Last weekend we enjoyed an unforgettable theater weekend. Thanks to gifts, we did not have to remortgage the house to snag tickets for two of the hottest, most interesting shows currently on Broadway: Denzel Washington and Jake Gyllenhaal in Othello and George Clooney in Good Night and Good Luck.
For more than 400 years, audiences have found Shakespeare’s plays so perfectly capture human motives, failings, and dilemmas that they continue to offer important commentary, however far removed we are from their creation. Good Night and Good Luck, an adaptation of the 2005 film, is set some 70 years ago—an eternity in the age of texting and instant messaging—but it too lent itself painful timeliness. Do such works speak to audiences today? They did last weekend. Is their message lost on today’s audiences? Not for a New York minute.

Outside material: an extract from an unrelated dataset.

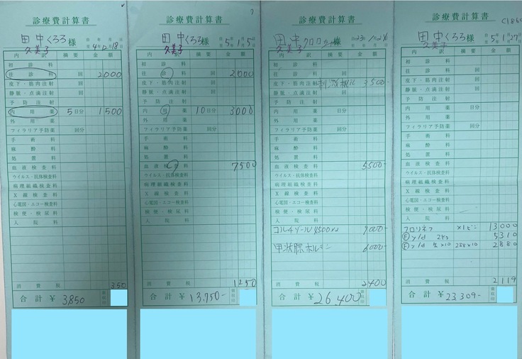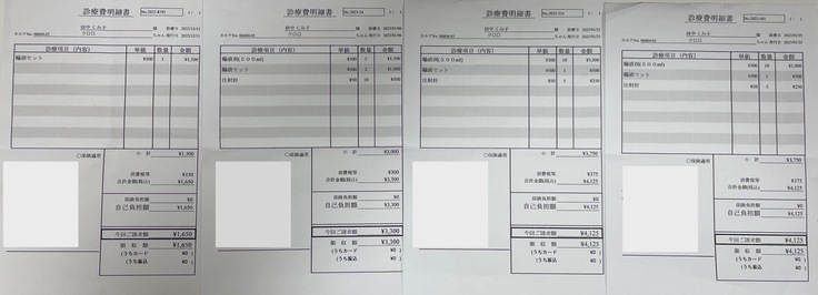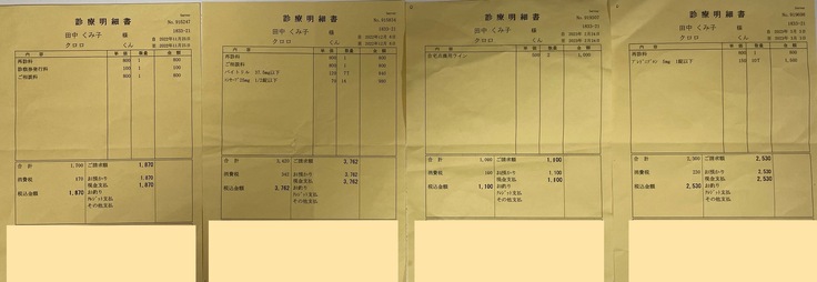 ※掲載している以外にも、療法食代や薬代、H病院までのタクシー代(片道5,000円以上)等がかかっています。

Othello, you’ll remember, is the story of a vaunted Venetian general whose chief aide, feigning loyalty but secretly vindictive, sows doubt about the faithfulness of Othello’s wife, Desdemona. Suspicion builds, and this false story eventually so enrages Othello that he murders her and, in this version, the play ends with death upon death. What devastating power lies have. And, once accepted, how difficult they are to dislodge.

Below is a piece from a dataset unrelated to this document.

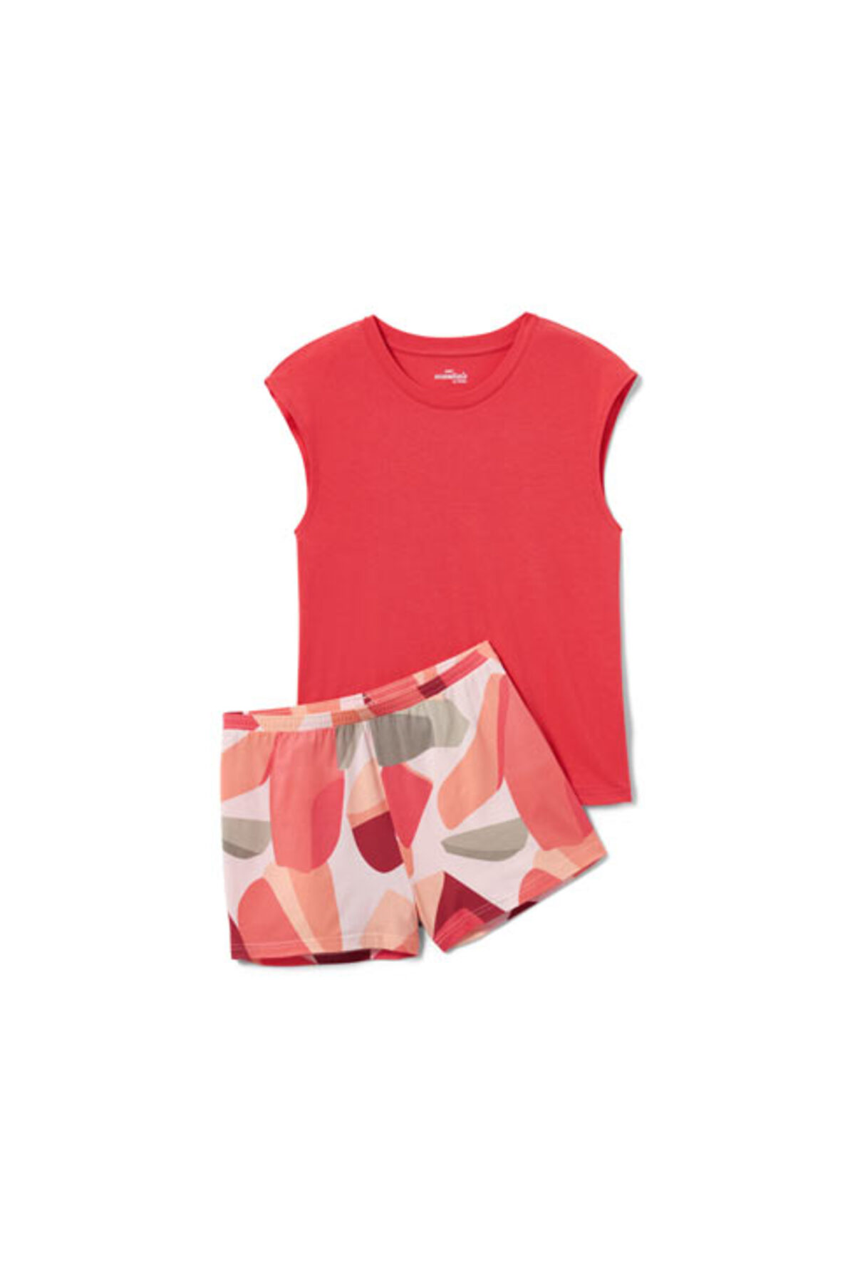 Kısa Pijama Takımı Renk: Pijama üstü kırmızıÇok renkli desenli şort Malzeme: %48 pamuklu, %47 modal, %5 elastan Ölçüler: Üst kısmın toplam uzunluğu yakl. 62 cm (M 40/42 Beden) Pamuk ve modaldan yumuşak materyal|Yuvarlak yakalı pijama üstü|Esnek bel bantlı şort|Uzun ömürlülük ve yıkamaya dirençlilik için kaliteli marka elastanlı|Bu şortlu pijama takımı çiftçileri destekliyor.

A major theme of the play is reputation. Iago famously says, “Who steals my purse steals trash; ʼtis something, nothing . . . But he that filches from me my good name robs me of that which not enriches him, and makes me poor indeed.” Even in his last speech, the suicidal Othello is concerned about how he will be perceived thereafter.
In Shakespeare’s time, although news of a person’s transgressions—real or imagined or maliciously crafted—might eventually reach the ears of many people or the few who mattered; today, such reports are instantly accessible to a worldwide audience and wreak havoc with the ideas of privacy and safety and innocence. Whether they are true or not seems irrelevant. The point is to hurt. In the face of this onslaught, we are “perplexed in the extreme,” as Othello says, and damaged in some cases, beyond repair.

George Clooney has had a long interest in the topic of how fear stifles political debate. In this project, he and co-writer Grant Heslov took the Army-McCarthy hearings as their subject. Senator Joseph McCarthy was infamous for his sensational accusations that various individuals were Communists based on slender or no evidence. His particular targets were the federal government, universities, and the film industry. It was a fearful time. Tremendous pressure was brought on television journalist Edward R. Murrow and his co-producer Fred Friendly to tread lightly around McCarthy, as anyone who opposed him would very likely become his next target.
Nevertheless, Murrow and Friendly produced a famous See It Now documentary using clips of McCarthy himself and his wild accusations. Commenting on the Senator’s words, Murrow said, “We must not confuse dissent with disloyalty” and warning against letting fear push the country into an age of unreason. The production definitely wants to establish parallels with current-day politics, and one of its biggest laughs comes when a newsman laments that he hasn’t quite understood what’s been happening in the past few years and says, “It’s like all the sensible people flew to Europe and left us here.”
Both plays benefit from excellent casts, including Clooney and Gyllenhaal, who are not stage actors. Othello has a spare stage that adapts to whatever configuration is needed, whereas Good Night and Good Luck has a very specific set, a 1950s newsroom, with all the chaos of a production about to go on air. Both work.